All lines from the one containing "This page provides" down to the one containing "太和门是紫禁城内最大的宫门,也是外朝宫殿", both ends included, are to be given again exactly; omit the rest of the listing below.

### Excerpted records
=====

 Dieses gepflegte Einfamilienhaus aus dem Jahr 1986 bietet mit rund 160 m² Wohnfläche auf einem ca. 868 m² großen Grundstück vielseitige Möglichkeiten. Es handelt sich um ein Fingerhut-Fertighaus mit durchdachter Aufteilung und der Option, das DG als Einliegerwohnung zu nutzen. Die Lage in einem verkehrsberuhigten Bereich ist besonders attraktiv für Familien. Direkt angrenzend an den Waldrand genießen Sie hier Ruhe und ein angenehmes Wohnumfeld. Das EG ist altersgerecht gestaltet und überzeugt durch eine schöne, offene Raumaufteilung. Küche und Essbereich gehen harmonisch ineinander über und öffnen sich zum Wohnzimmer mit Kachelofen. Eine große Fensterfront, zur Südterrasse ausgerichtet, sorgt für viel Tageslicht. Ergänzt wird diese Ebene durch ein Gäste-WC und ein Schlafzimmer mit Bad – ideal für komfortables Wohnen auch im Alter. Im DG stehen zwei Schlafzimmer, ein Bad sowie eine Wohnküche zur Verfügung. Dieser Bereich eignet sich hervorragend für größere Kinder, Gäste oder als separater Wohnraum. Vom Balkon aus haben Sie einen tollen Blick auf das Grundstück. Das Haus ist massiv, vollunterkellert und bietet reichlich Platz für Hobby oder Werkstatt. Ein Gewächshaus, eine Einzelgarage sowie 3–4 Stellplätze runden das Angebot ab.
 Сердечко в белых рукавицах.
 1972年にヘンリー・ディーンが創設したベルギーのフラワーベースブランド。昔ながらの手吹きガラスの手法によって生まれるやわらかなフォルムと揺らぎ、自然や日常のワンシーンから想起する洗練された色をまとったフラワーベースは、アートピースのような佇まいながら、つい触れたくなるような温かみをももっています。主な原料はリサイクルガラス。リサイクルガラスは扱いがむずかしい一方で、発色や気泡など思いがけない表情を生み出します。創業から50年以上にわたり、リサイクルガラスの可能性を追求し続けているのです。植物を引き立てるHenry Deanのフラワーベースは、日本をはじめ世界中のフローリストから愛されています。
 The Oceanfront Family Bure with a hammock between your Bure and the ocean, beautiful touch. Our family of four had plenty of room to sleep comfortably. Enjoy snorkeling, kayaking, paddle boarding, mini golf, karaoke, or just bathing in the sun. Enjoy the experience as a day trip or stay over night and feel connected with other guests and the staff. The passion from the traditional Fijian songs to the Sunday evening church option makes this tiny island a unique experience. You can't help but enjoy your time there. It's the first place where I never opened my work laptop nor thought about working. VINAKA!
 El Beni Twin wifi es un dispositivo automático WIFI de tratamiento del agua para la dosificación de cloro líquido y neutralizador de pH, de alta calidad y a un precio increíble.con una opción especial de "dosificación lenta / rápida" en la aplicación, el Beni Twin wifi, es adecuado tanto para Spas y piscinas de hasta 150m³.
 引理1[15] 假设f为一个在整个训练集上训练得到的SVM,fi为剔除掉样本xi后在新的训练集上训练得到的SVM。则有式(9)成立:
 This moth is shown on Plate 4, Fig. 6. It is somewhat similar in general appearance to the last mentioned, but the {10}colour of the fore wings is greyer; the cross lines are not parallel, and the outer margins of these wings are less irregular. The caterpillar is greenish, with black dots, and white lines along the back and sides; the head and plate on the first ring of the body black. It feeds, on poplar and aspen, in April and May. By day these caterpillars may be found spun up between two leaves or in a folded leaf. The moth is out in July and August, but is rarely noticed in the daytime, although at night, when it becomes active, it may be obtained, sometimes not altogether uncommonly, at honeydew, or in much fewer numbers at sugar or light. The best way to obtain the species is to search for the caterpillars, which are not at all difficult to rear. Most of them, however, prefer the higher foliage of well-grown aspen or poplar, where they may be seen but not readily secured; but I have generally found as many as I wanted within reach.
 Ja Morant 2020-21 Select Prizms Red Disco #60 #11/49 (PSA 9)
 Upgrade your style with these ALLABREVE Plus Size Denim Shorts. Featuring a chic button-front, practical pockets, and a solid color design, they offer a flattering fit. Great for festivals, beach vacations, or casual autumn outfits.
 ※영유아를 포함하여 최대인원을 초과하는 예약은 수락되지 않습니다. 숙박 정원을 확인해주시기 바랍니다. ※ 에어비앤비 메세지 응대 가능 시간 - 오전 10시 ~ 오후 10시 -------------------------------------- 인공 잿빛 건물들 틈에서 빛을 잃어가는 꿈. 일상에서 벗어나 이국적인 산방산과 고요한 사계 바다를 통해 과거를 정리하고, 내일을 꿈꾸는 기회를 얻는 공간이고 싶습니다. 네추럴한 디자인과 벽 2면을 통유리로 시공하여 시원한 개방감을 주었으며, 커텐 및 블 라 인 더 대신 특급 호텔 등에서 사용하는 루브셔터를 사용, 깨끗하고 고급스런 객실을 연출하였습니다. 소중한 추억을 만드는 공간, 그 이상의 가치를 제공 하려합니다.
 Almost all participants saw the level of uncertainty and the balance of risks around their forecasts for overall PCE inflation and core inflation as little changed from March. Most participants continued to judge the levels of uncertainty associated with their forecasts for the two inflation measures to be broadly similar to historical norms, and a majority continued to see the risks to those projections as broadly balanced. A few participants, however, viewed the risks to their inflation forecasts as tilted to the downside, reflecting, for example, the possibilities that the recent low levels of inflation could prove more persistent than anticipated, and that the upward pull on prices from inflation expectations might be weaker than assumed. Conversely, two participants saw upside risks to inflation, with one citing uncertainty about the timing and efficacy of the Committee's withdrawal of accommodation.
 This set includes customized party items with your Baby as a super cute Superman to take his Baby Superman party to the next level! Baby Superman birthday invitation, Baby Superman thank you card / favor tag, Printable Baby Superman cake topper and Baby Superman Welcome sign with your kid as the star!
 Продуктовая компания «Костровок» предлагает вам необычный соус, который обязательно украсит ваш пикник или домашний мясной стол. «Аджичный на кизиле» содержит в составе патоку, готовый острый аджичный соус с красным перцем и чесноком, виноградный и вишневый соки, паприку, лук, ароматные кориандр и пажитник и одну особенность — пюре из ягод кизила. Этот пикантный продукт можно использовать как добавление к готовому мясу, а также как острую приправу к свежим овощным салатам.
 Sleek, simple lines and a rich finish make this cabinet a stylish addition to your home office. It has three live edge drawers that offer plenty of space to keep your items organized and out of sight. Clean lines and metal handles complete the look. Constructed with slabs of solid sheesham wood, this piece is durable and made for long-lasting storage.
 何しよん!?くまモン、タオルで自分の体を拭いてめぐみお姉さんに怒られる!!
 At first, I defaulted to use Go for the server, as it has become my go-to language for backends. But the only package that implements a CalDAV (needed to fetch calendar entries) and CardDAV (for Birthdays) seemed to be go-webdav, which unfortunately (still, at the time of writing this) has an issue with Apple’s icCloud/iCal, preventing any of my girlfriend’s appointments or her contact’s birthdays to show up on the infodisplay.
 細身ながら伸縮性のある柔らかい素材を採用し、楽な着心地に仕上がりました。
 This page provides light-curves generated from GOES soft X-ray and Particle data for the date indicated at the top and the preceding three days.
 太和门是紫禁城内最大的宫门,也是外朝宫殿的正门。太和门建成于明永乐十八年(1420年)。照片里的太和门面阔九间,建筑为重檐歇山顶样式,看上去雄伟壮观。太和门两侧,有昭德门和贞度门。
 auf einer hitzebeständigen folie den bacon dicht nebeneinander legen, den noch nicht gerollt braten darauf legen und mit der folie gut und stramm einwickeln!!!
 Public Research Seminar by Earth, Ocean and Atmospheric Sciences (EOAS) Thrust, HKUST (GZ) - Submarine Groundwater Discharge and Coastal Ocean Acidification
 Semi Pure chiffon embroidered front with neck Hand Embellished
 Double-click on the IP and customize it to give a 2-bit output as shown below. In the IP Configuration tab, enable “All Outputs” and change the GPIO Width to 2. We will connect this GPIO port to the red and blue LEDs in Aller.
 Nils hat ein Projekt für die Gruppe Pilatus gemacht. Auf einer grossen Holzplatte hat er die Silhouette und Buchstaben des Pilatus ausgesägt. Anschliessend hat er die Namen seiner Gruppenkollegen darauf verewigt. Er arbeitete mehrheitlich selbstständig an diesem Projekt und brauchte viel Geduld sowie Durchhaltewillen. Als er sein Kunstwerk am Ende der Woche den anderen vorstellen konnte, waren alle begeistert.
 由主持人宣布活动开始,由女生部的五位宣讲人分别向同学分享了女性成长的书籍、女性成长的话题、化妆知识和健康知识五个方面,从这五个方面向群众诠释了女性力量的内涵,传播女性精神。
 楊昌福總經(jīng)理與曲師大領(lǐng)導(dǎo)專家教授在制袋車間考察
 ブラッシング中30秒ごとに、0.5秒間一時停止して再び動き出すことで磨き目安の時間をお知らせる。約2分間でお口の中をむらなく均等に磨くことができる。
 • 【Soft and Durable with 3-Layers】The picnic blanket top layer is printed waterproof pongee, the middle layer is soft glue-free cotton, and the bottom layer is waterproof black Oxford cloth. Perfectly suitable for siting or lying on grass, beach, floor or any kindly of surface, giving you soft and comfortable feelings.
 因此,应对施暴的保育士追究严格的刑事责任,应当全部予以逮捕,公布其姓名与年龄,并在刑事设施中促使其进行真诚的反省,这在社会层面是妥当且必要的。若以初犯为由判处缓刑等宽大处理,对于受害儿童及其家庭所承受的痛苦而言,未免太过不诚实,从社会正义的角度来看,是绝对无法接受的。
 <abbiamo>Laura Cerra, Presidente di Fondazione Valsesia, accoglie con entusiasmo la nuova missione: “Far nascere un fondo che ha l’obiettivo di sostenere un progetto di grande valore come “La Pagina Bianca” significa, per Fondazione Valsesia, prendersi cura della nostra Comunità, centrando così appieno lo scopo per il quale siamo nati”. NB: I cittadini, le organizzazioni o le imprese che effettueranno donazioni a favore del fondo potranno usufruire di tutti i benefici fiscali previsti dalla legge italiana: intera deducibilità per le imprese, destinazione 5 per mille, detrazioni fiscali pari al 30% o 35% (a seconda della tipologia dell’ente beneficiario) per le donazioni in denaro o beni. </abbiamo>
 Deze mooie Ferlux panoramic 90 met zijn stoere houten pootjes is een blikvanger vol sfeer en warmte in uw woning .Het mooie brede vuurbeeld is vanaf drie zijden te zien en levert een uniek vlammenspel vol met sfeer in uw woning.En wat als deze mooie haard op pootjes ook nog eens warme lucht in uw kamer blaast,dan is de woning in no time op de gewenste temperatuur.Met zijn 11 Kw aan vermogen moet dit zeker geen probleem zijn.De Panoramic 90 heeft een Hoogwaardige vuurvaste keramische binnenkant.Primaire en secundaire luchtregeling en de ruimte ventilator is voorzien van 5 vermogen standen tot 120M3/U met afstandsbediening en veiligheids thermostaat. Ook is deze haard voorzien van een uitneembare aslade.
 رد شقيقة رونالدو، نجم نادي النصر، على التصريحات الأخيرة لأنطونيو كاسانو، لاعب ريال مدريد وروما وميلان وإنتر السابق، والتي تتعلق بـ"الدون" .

=====

### Solution
 This page provides light-curves generated from GOES soft X-ray and Particle data for the date indicated at the top and the preceding three days.
 太和门是紫禁城内最大的宫门,也是外朝宫殿的正门。太和门建成于明永乐十八年(1420年)。照片里的太和门面阔九间,建筑为重檐歇山顶样式,看上去雄伟壮观。太和门两侧,有昭德门和贞度门。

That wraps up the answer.